Quote from the first line below through the line that contains "Si quieres saber", both included, and leave the pictures out.

Dataset items
_____

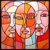 Abstracte gezichten, kleurrijk, van opzij gezien, glas in lood stijl.
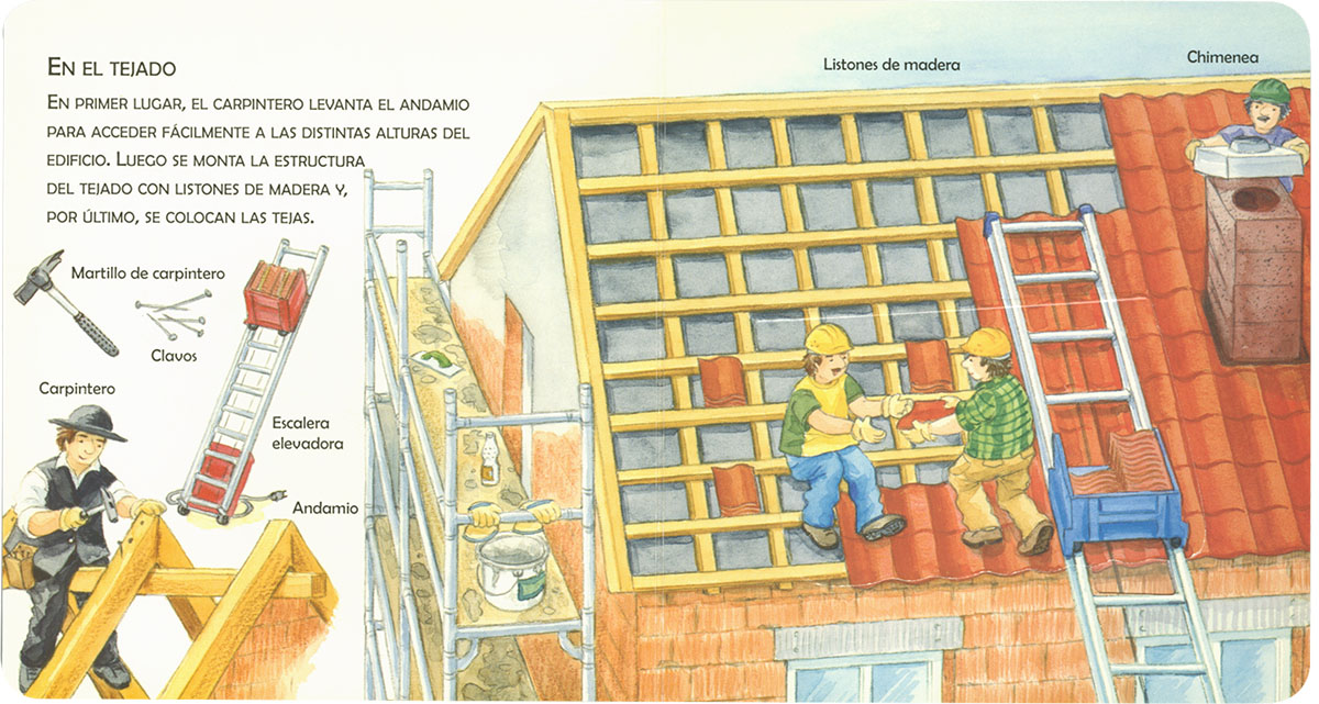 Si quieres saber quién trabaja en la obra, con este diccionario visual te será muy fácil. ¡Mira debajo de las ventanas y aprende un montón de cosas sobre los obreros y las fabulosas máquinas que utilizan!
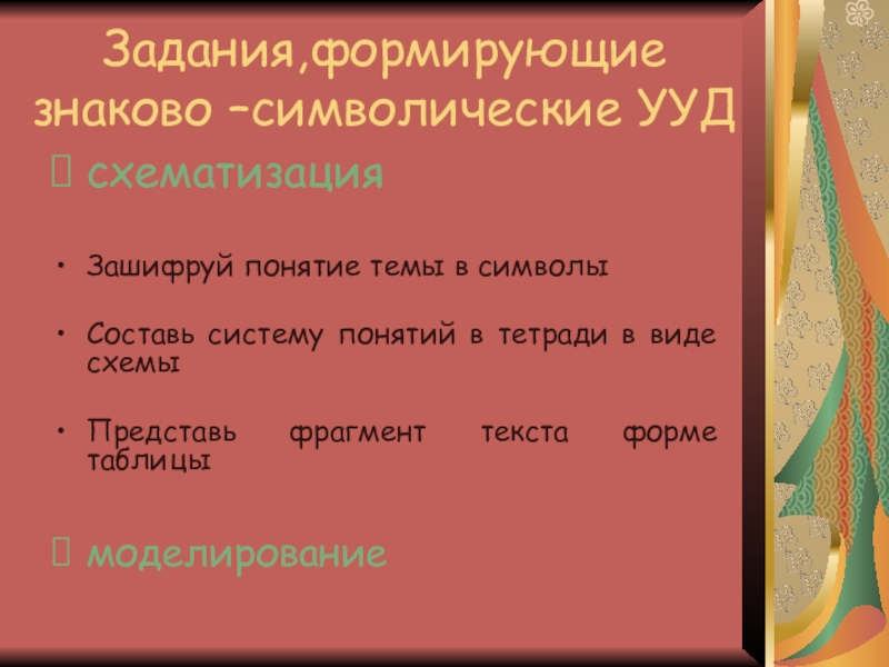 Слайд 11Задания,формирующие знаково –символические УУД
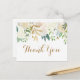 Envoyez nos cartes postales de remerciement avec feuille d'or et fleurs blanches pour faire savoir à vos invités combien vous les appréciez. La formulation est entièrement personnalisable - si vous devez changer la police, la couleur de la police, la taille ou l'emplacement des zones de texte, cliquez simplement sur le bouton "Cliquez pour personnaliser davantage" pour modifier ces éléments. Vous pouvez facilement supprimer le message de remerciement avant d'ajouter le produit à votre panier si vous préférez écrire une note manuscrite. Assurez-vous de consulter notre grande sélection d'articles coordonnés en parcourant la collection de mariage florale or et blanc !
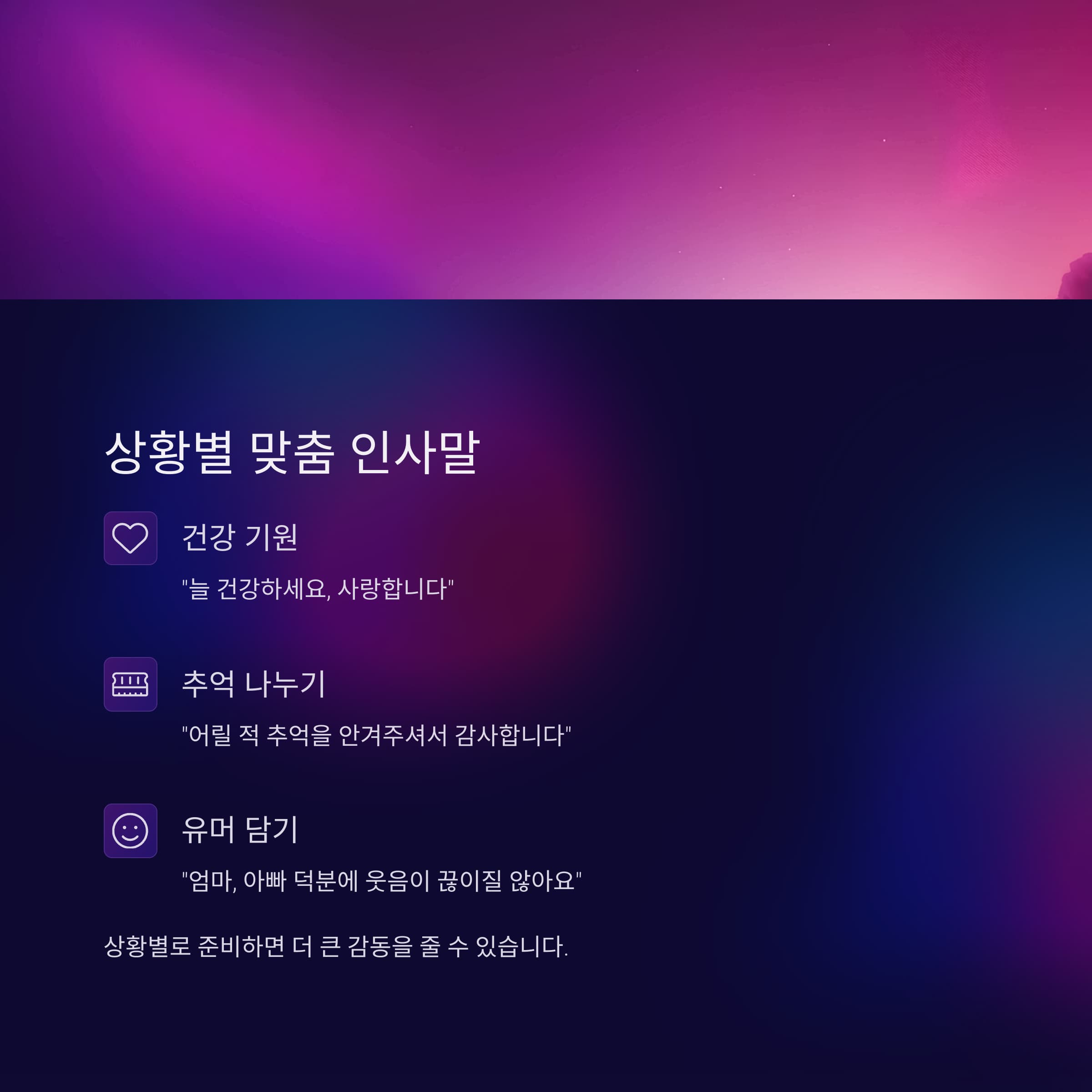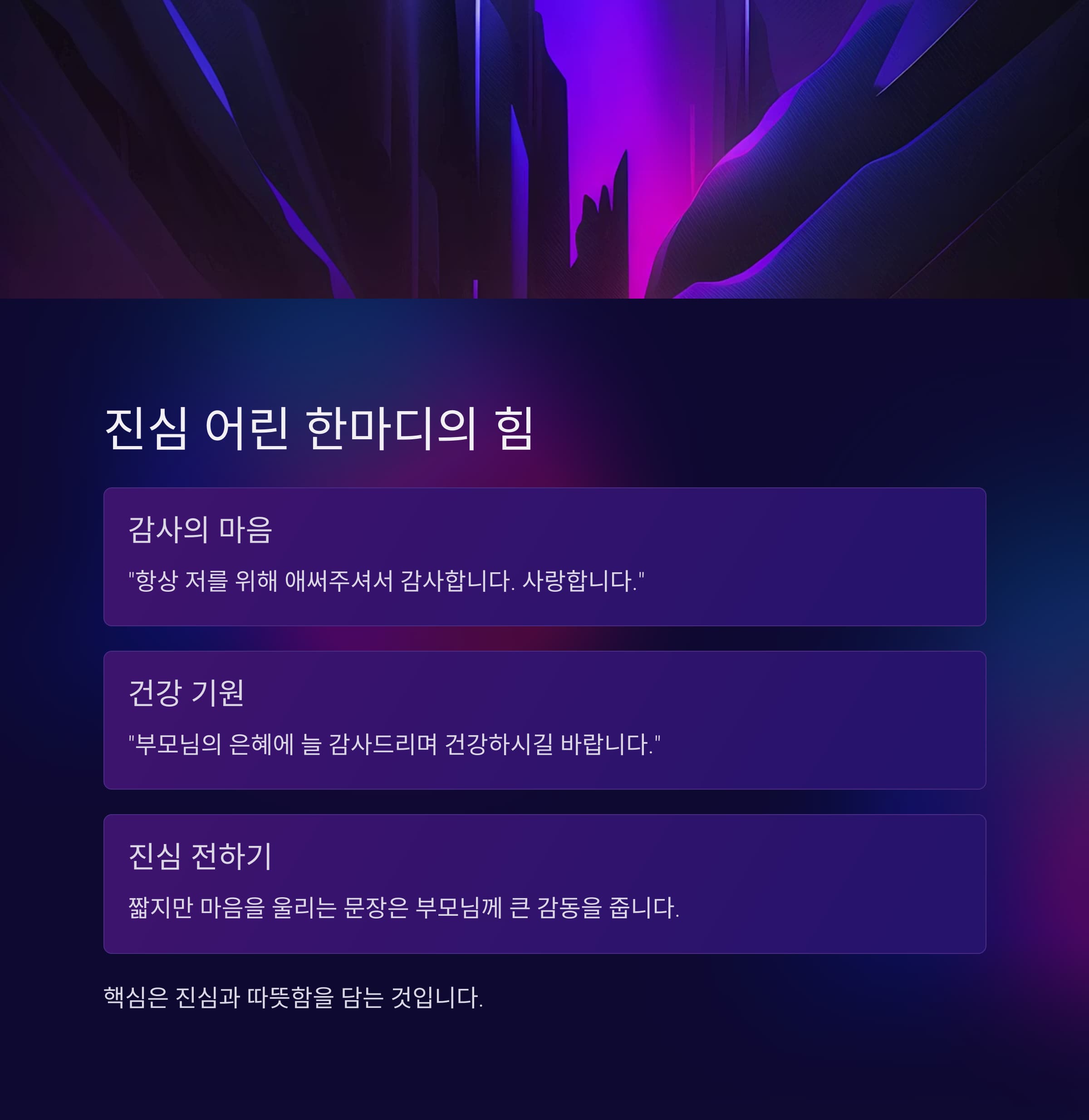 짧지만 마음을 울리는 문장은 부모님께 큰 감동을 줍니다.
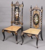 1237 A Victorian lacquered and inlaid mother of pearl high back chair, the slat back inlaid a floral panel, the seat of serpentine outline and 1 other (the back with iron repair) 80-120

_____

▸ WRITTEN SOLUTION:
 Abstracte gezichten, kleurrijk, van opzij gezien, glas in lood stijl.
 Si quieres saber quién trabaja en la obra, con este diccionario visual te será muy fácil. ¡Mira debajo de las ventanas y aprende un montón de cosas sobre los obreros y las fabulosas máquinas que utilizan!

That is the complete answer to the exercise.